But it is only in the Urdu dialect, which is used by the Mahomedans and by those Hindus in the north-western provinces of India who have learnt the Persian language, that Persian and Arabic words are extensively employed. The words derived from those sources which exist in the Bengali, Hindi, Mahratti, Guzarati, and other NorthIndian dialects, in the form in which they are generally spoken by the Hindus, are considerably fewer in number. By far the larger portion of words in those tongues are (as has been already said) either (1) pure Sanskrit, or (2) corrupt Sanskrit, or (3) words which can neither be traced in Sanskrit books nor yet are derived from Persian or Arabic, and which may therefore be regarded either as indigenous (i.e. derived from non-Aryan tribes), or colloquial vocables of Aryan origin.

Several interesting questions arise here; as First, how far back can we trace the existing vernacular dialects, Bengali, Hindi, Mahrattī, Guzarati, etc., in the form in which they are now spoken? Secondly, what has been the process of their formation? and, Thirdly, from what source have they derived those words which are not discoverable in Sanskrit, as it has been preserved to us in written records?

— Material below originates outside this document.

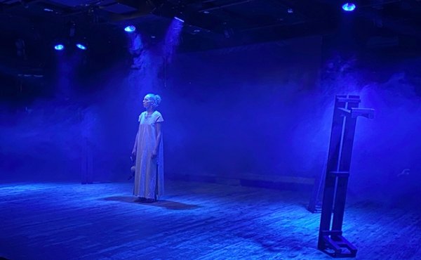 Минимализм декораций на фоне темных стен придает дому вид убежища, носимого всеми ветрами, а хлипкость конструкций из перевернутых скамеек усиливает драматургию сюжета, происходящего на территории Германии в годы войны.
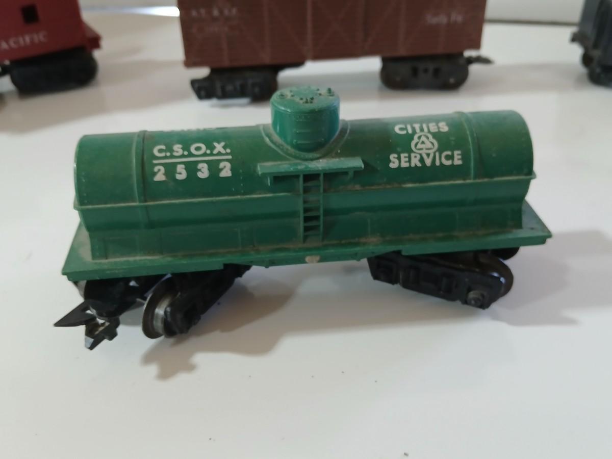 Components show wear consistent with age — some rust, dust, and patina — great for restoration or display. Locomotive wheels turn freely; power-up not tested.

The question regarding the antiquity of the existing vernaculars is one which I am not prepared to answer with any precision. Professor Lassen (Institutiones Linguæ Pracriticæ, pp. 59 f.) thinks they have existed since, at least, 1000 a.d. I translate his remarks on the two classes of dialects derived from Sanskrit: "To close this disquisition, I therefore remark that there are two families of corrupted Sanskrit, one more ancient, and not completely broken down, to which belong the Pali and the dramatic dialects; and a second of more recent origin, and diffused in our own day over the provinces of India, which differs more widely from its parent. The former set are genuine daughters of the Sanskrit; the latter grand-daughters, al

though it is to some extent doubtful whether these are the daughters of the former, or of their sister dialects. As regards antiquity, the former family are proved by the history of Buddhism, and of the Indian drama, to have come into existence prior to our era; and it may be shown by probable proofs that the latter arose before 1000 A.D. The discussion of the latter question is, however, foreign to our purpose."

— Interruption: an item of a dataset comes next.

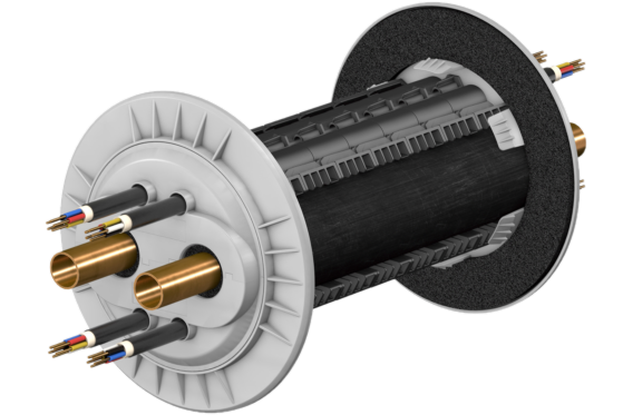 Doymafix HP/O von Doyma ist eine oberirdische Wanddurchführung für alle Leitungen von LW-Wärmepumpen – für Neubau und Bestand. Die Verlegung der Rohre und Kabel kann getrennt erfolgen. Auch Spannungs- und Steuerleitungen sind voneinander separiert. Das System ermöglicht die GEG-konforme Sicherstellung der Wärmedämmung – unabhängig von Wandaufbauten und -stärke.
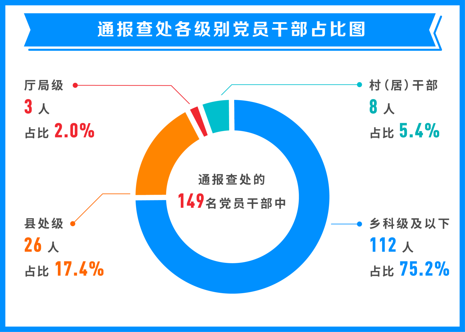 從處理各級別黨員干部人數(shù)看,通報的58起典型問題,查處的149名黨員干部中,村(居)干部8人,占全部人數(shù)5.4%;鄉(xiāng)科級及以下112人,占全部人數(shù)75.2%;縣處級26人,占全部人數(shù)17.4%;地廳級3人,占全部人數(shù)2.0%。通報數(shù)據(jù)印證,重點整治群眾身邊特別是群眾反映強烈的形式主義、官僚主義突出問題十分必要。

Mr. Beames claims for the modern vernacular dialects a high antiquity, and regards them as springing from an ancient Āryan language, which included elements not discoverable in the classical Sanskrit. His observations are as follows:

"I would here further observe that the written Sanskrit has unfortunately attracted the attention of scholars too exclusively. No one who lives long in India can escape having the conviction forced on him that the written language is quite inadequate to account for many forms and facts observable in the modern dialects. These dialects assert for themselves a high antiquity, and are derived, one cannot doubt, from an ancient Aryan speech, which is as imperfectly represented in Sanskrit as the speech of the Italian peasantry of their day was represented by Cicero or Virgil. The process of selection which led the polished Roman to use only stately and euphonious words-a process which is abundantly exemplified in the pages of modern English writers-was doubtless at work among the ancient Brahmins; and the fact that the cognate Indo-Germanic languages preserve words not found in Sanskrit, but which can be matched from the stores of humble and obscure Hindi or Bengali dialects, is another proof of this fact. The line taken by Professor Lassen, in his valuable Prakrit Grammar, of treating all Prakrit words as necessarily modifications of Sanskrit words, is one which he has borrowed whole from Vararuchi and Hemachandra, and, however excusable in those ancient commentators, seems unworthy of an age of critical research."

It is not, however, necessary for my purpose that I should decide, even approximately, the question of the antiquity of the modern vernaculars. It will be sufficient if I can show that they have becn derived by a gradual process of change from other provincial dialects which preceded them; and which, in their turn, have sprung from the Sanskrit, at some stage of its development.

There is no difficulty in conceiving that the Indian vernacular dialects should have undergone great modifications in a long course of ages. The mere fact above adverted to, which every one recognizes, of their having at a particular assignable date admitted into their vocabulary a large influx of Persian and Arabic words, is sufficient to render it probable that they may have formerly experienced other mutations of various kinds.

The circumstance, too, that the people who inhabit the different provinces of northern India make use of different, but kindred, provincial dialects, Bengali, Hindi, Mahratti, etc., which must, for the most part, at a period more or less remote, have sprung from some common source,' is a proof of the tendency to change which is inherent in all spoken language. For as the inhabitants of all these provinces profess, with some modifications, the same creed, receive the same religious books, and are divided into the same or similar castes, and for these and other reasons appear to be descended, though perhaps not exclusively, from one common stock, it is highly probable that their common ancestors must, at one time, have employed one and the same language: and that that language has in process of time undergone various provincial modifications, out of which the several modern vernaculars have been gradually formed.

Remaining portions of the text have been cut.